Source material:
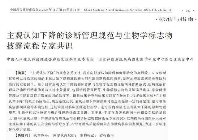 第二项共识为《主观认知下降的诊断管理规范与生物学标志物披露流程专家共识》。“主观认知下降”是患者自觉认知减退、但客观检查未达异常的状态,是阿尔茨海默病临床前期与最佳干预窗口期,却常被忽视。
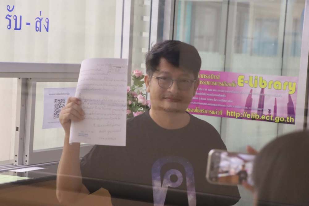 จากนั้นนายสมบัติได้เดินเข้าไปยื่นเอกสารกับ กกต.
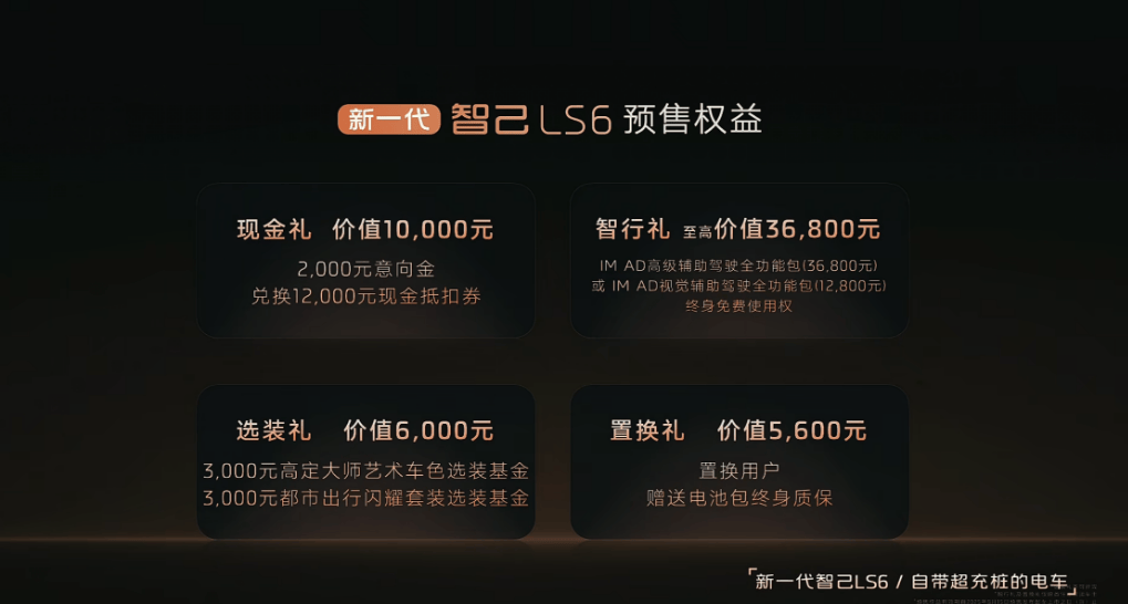 2025年8月15日,新一代智己LS6正式開啟預售,新車共推出包括純電和增程兩種動力四款車型,預售權益價為20.99-27.99萬元,同時,預售期間訂車將享受10000元現金禮、36000元智行禮、6000元選裝禮和5600元置換禮。作為全新車型,新車采用了全新的設計語言,并針對內飾進行升級,并新增了增程版車型,將搭載全新的“恒星”超級增程系統,純電續航超過450公里,綜合續航超過1500公里。同時,發布會上宣布了新一代智己LS6將于9月10日正式上市。

Task brief:
Verbatim output, no pictures: the line holding "จากนั้นนายสมบั" and all lines after it through the last line of the material, with nothing else.

Solution to this exercise:
 จากนั้นนายสมบัติได้เดินเข้าไปยื่นเอกสารกับ กกต.
 2025年8月15日,新一代智己LS6正式開啟預售,新車共推出包括純電和增程兩種動力四款車型,預售權益價為20.99-27.99萬元,同時,預售期間訂車將享受10000元現金禮、36000元智行禮、6000元選裝禮和5600元置換禮。作為全新車型,新車采用了全新的設計語言,并針對內飾進行升級,并新增了增程版車型,將搭載全新的“恒星”超級增程系統,純電續航超過450公里,綜合續航超過1500公里。同時,發布會上宣布了新一代智己LS6將于9月10日正式上市。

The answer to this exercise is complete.